Besides poultry products, the quarantine organ has intensified spot check on other imports to Shanghai. Poultry and other animal products from non-bird-flu-stricken areas are now also under its strict scrutiny.
The officials said in the past nine months, Shanghai intercepted 35,425 kilogrammes of poultry products from bird-flu-stricken areas, and monitored 993 batches of such products from the United States, Brazil and Argentina, with negative results for all viral tests.
In the January-September period, the local quarantine authority slew all birds and destroyed related products aboard vessels that entered Shanghai for dismantlement or maintenance.
The organ supervised environmental-friendly treatment of wastes and sewage from all sorts of inbound transport vehicles and forbade the wastes and sewage from being discarded randomly.
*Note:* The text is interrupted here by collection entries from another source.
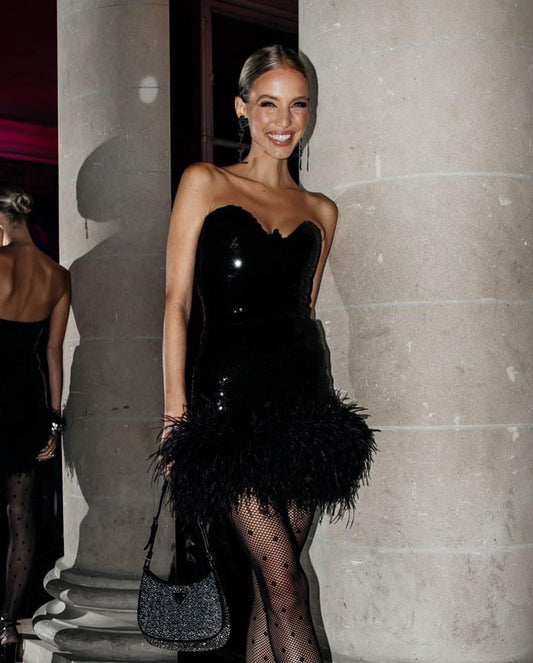 One Sleeve Rhinestone Tassel Velvet Dress V8564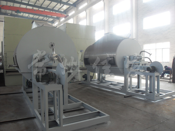 利用刮刀把產(chǎn)品刮下來(lái),露出滾筒表面再次與原料接觸形成薄膜進(jìn)行干燥。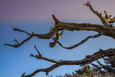 Dead tree isolated on blue sky background, Dead branches of a tree.Dry tree branch.Part of single old and dead tree on blue sky background.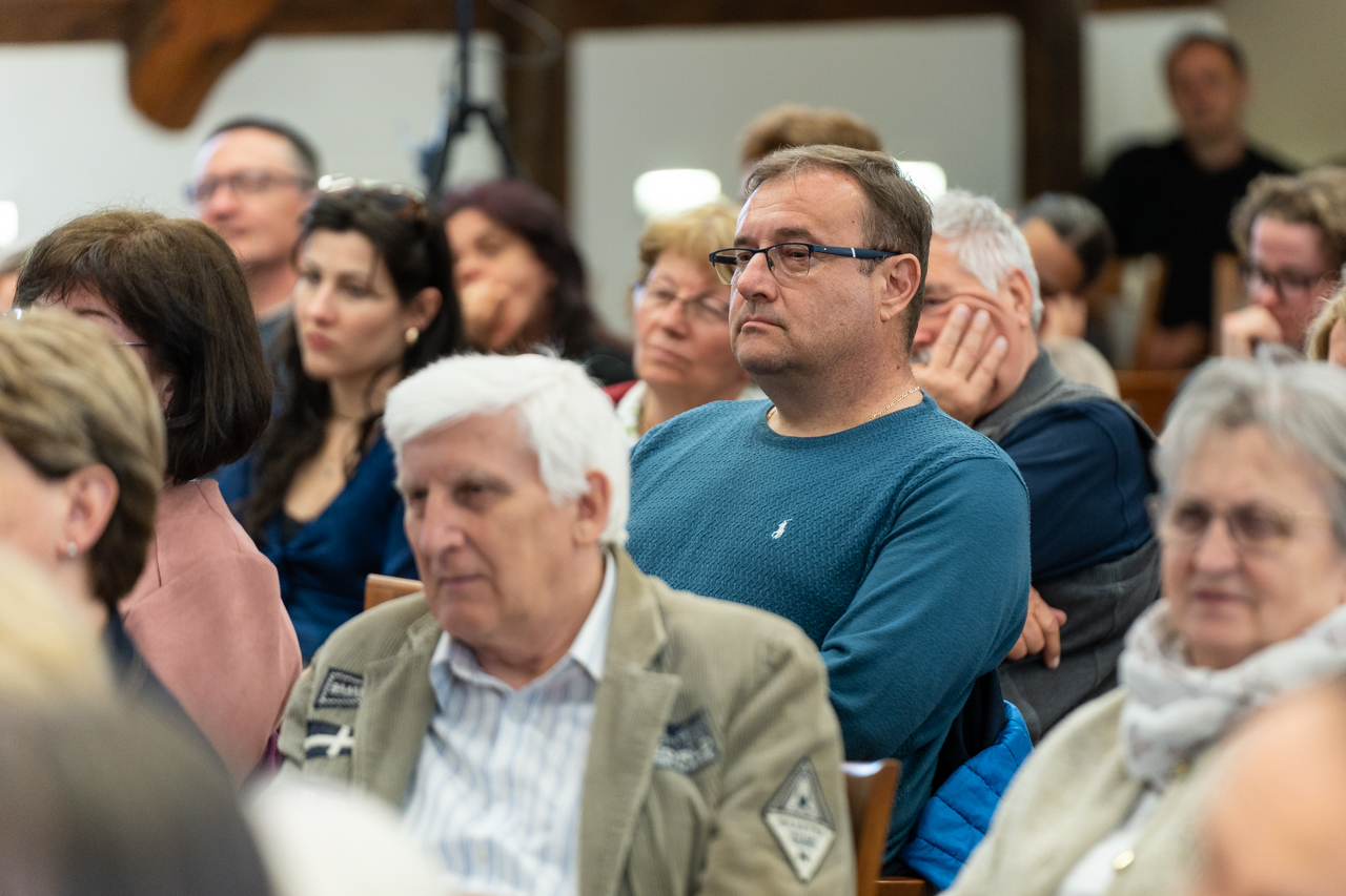 Dr. Lukács Ottilia rektor, aki Bibliaismeretet és Bibliai hébert oktat a PPHF-en, Felföldi László pécsi püspök távollétében köszöntötte Fábry Kornélt, majd kifejezte örömét, hogy a főiskola falain kívül sikerült megrendezni a sorozat aktuális állomását, így a témával nemcsak a hallgatókat tudták megszólítani.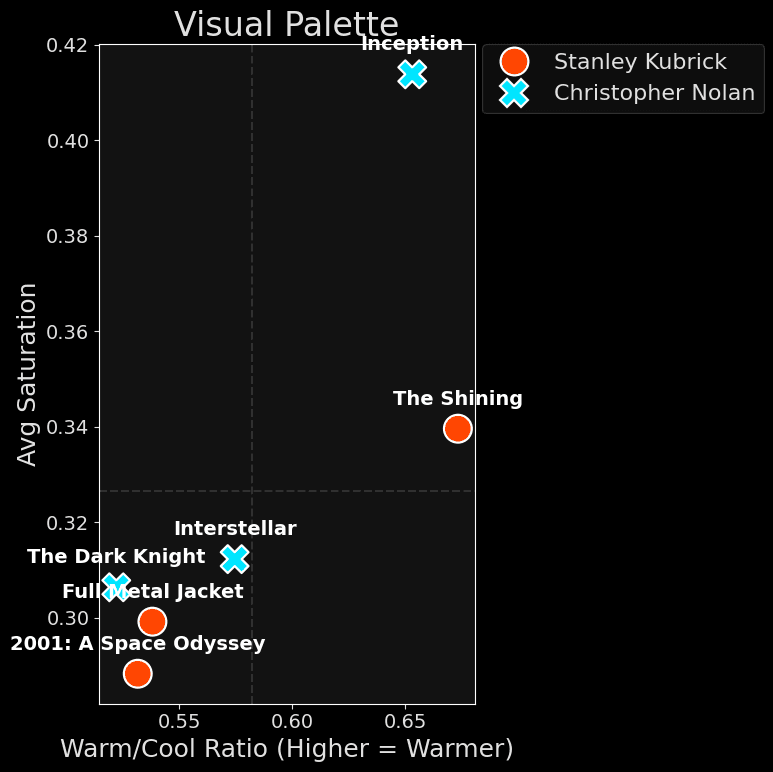 I plotted the Warmth vs. Saturation of every frame. The common criticism is that Kubrick is "cold" and "sterile," but the scatter plot tells a different story.

All containers from bird-flu-stricken areas have been sterilized at the port.
Related reports said China is pondering measures such as stockpiling emergency materials including anti-flu druge Tamiflu, in case the bird-flu virus mutates into a strain which is transmitted from human to human.
The latest alarm was in North China's Inner Mongolia Autonomous Region, where about 2,600 birds died following a recent outbreak caused by the deadly H5N1 strain of the virus, according to the Ministry of Agriculture.
On Thursday, Foreign Ministry spokesman Kong Quan told a regular press conference that China is concerned about the epidemic and has set up a nationwide monitoring network and pre-schemes for emergency.